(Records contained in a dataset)
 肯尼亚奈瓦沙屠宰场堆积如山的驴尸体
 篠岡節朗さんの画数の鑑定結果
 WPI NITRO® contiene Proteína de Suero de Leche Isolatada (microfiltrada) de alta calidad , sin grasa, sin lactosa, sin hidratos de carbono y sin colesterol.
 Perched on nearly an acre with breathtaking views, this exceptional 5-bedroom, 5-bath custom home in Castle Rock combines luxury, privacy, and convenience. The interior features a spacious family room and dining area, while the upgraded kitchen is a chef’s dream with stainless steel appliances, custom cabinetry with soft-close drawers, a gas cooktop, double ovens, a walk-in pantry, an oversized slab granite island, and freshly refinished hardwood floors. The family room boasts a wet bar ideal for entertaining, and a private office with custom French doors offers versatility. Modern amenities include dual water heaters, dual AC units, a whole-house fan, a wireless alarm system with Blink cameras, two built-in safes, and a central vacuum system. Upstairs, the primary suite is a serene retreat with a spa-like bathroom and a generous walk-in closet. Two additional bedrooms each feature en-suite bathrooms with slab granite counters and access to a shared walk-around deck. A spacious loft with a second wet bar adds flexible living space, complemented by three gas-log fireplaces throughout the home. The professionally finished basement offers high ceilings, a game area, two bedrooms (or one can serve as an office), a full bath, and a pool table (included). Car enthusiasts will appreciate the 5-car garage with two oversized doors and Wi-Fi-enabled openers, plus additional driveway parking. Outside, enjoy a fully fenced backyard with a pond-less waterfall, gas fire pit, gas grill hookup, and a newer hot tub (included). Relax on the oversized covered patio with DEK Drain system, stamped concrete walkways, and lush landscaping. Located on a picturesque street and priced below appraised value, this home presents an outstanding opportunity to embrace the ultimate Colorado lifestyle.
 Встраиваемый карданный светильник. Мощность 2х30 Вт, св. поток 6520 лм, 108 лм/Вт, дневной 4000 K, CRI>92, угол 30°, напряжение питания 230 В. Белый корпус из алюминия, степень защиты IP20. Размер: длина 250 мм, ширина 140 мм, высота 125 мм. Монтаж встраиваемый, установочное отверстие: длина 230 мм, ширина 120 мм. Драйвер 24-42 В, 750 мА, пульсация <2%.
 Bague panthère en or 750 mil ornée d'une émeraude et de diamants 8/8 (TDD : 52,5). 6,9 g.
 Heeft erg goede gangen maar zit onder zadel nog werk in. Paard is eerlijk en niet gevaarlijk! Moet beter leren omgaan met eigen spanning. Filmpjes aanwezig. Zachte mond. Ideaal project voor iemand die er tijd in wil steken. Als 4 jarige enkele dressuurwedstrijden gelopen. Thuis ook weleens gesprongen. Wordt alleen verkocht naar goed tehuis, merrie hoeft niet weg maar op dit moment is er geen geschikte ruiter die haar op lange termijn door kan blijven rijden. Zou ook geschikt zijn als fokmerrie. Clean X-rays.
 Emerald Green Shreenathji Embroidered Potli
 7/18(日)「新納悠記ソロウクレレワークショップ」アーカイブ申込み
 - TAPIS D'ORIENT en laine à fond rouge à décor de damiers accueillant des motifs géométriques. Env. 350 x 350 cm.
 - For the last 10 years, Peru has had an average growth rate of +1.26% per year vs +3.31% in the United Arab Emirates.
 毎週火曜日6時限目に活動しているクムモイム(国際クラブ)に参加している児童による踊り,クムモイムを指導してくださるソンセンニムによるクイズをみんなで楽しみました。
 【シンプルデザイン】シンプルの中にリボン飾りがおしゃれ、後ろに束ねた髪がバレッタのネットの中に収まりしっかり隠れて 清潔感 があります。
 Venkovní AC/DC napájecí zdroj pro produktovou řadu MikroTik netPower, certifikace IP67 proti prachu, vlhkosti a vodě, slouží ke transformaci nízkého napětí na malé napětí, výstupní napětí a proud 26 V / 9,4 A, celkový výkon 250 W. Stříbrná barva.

- **Work item**
Set the lines down exactly as they stand, beginning at the one that contains "Emerald Green Shreenathji Embroidered Potli" and stopping after the last line of the entries above.

- **Task output**
 Emerald Green Shreenathji Embroidered Potli
 7/18(日)「新納悠記ソロウクレレワークショップ」アーカイブ申込み
 - TAPIS D'ORIENT en laine à fond rouge à décor de damiers accueillant des motifs géométriques. Env. 350 x 350 cm.
 - For the last 10 years, Peru has had an average growth rate of +1.26% per year vs +3.31% in the United Arab Emirates.
 毎週火曜日6時限目に活動しているクムモイム(国際クラブ)に参加している児童による踊り,クムモイムを指導してくださるソンセンニムによるクイズをみんなで楽しみました。
 【シンプルデザイン】シンプルの中にリボン飾りがおしゃれ、後ろに束ねた髪がバレッタのネットの中に収まりしっかり隠れて 清潔感 があります。
 Venkovní AC/DC napájecí zdroj pro produktovou řadu MikroTik netPower, certifikace IP67 proti prachu, vlhkosti a vodě, slouží ke transformaci nízkého napětí na malé napětí, výstupní napětí a proud 26 V / 9,4 A, celkový výkon 250 W. Stříbrná barva.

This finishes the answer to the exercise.